Here, we could try to prevent lock-in, by pushing for international understanding of the Outer Space Treaty such that de facto grabs of space resources (“seizers keepers”) are clearly illegal.
Or, assuming the current “commons” regime breaks down given how valuable space resources will become, we could try to figure out in advance what a good alternative regime for allocating space resources might look like.
Fourth, working on AI value-alignment. Though corrigibility and control are important to reduce takeover risk, we want to also focus on ensuring that the AI we create positively influences society in the worlds where it doesn’t take over. That is, we need to figure out the “model spec” for superintelligence - what character it should have - and how to ensure it has that character.
I think we want AI advisors that aren’t sycophants, and aren’t merely trying to fulfill their users’ narrow self-interest - at least in the highest-stakes situations, like AI for political advice. Instead, we should at least want them to nudge us to act in accordance with the better angels of our nature.
(And, though it might be more difficult to achieve, we can also try to ensure that, even if superintelligent AI does take over, it (i) treats humans well, and (ii) creates a more-flourishing AI-civilisation than it would have done otherwise.)
Fifth, AI rights. Even just for the mundane reasons that it will be economically useful to give AIs rights to make contracts (etc), as we do with corporations, I think it’s likely we’ll start soon giving AIs at least some rights.

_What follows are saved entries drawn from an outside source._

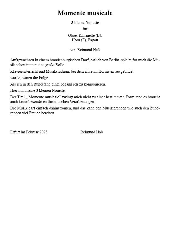Produktinformationen "Haß, Reimund – Momente musicale – 3 kleine Nonette"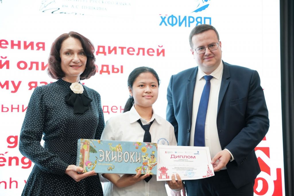 Cũng tại buổi lễ, Viện trưởng Nikita Vladimirovich Gusev và Giám đốc Phân viện Puskin Nguyễn Thị Thu Đạt đã trao giải tới các thí sinh chiến thắng cuộc thi. Trong đó, thí sinh đạt giải Nhất hạng mục học sinh là em Lê Thanh Hải, học sinh trường THPT Chuyên Trần Phú, và thí sinh đạt giải Nhất hạng mục sinh viên là em Phạm Lê Kim Chi, sinh viên Trường Đại học Ngoại ngữ – Đại học Quốc gia Hà Nội.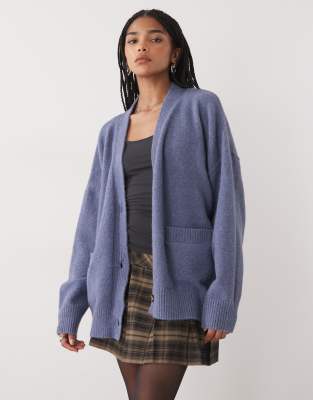 Slim Faux Fur Trim Zip Cardigan In Blue
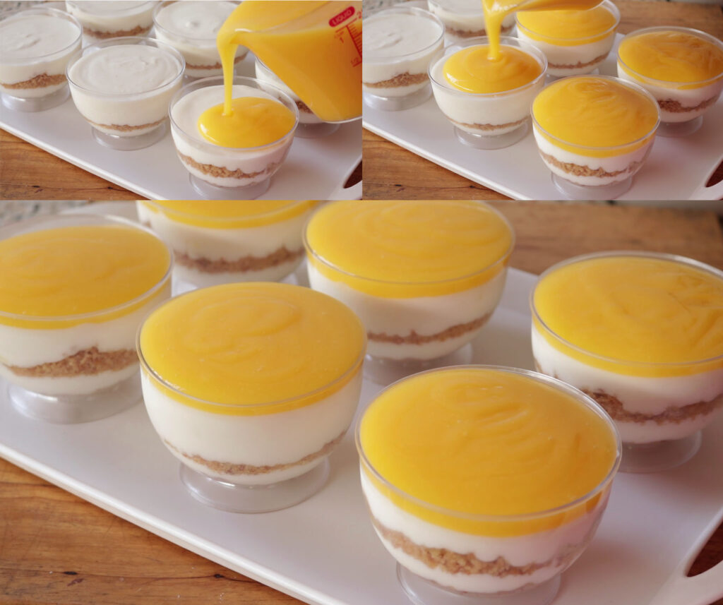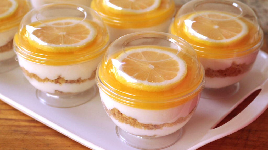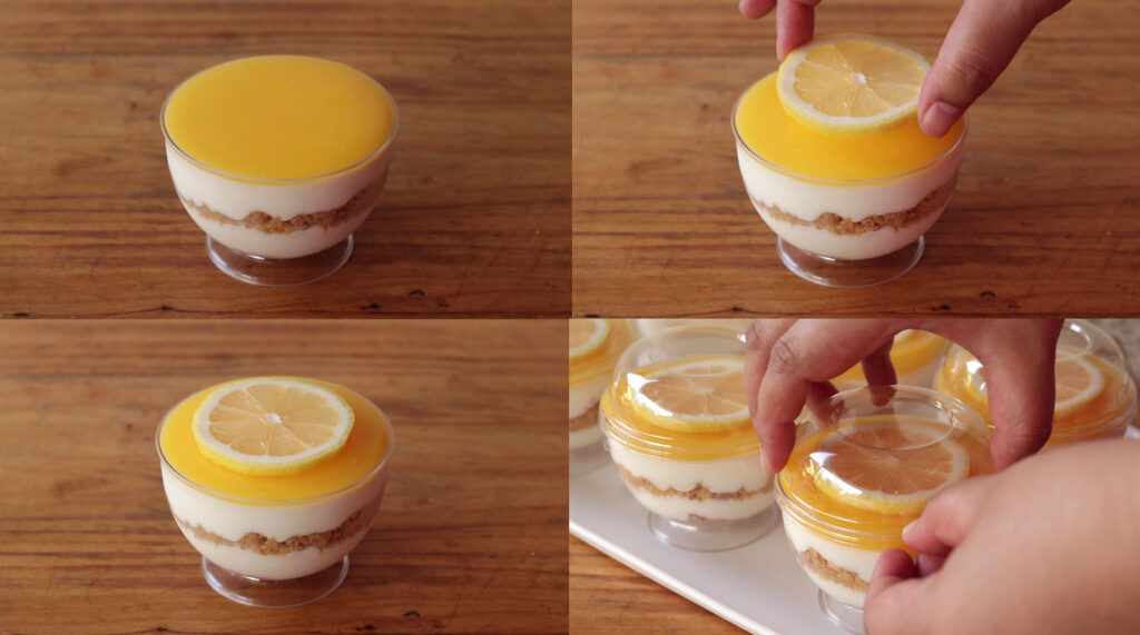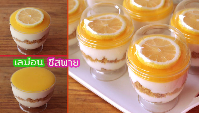 จากนั้นเทลงบนถ้วยเลม่อนชีส พักให้เซตตัวในตู้เย็น 6 ช.ม.

But what rights are appropriate? An AI rights regime will affect many things: the risk of AI takeover; the extent to which AI decision-making guides society; and the wellbeing of AIs themselves, if and when they become conscious.
In the future, it’s very likely that almost all beings will be digital. The first legal decisions we make here could set precedent for how they’re treated. But there are huge unresolved questions about what a good society involving both human beings and superintelligent AIs would look like. We’re currently stumbling blind into one of the most momentous decisions that will ever be made.
Finally, deliberative AI. AI has the potential to be enormously beneficial for our ability to think clearly and make good decisions, both individually and collectively. (And, yes, has the ability to be enormously destructive here, too.)
We could try to build and widely deploy AI tools for fact-checking, forecasting, policy advice, macrostrategy research and coordination; this could help ensure that the most crucial decisions are made as wisely as possible.
I’m aware that there’s a lot of different ideas here, and I’m aware that these are just potential ideas - more like proof of concept, rather than fully-fleshed out proposals. But my hope is that work on these areas - taking them from inchoate to tractable - could help society to keep its options open, to steer any potential lock-in events in better directions, and to equip decision-maker with the clarity and incentives needed to build a flourishing, rather than a merely surviving, future.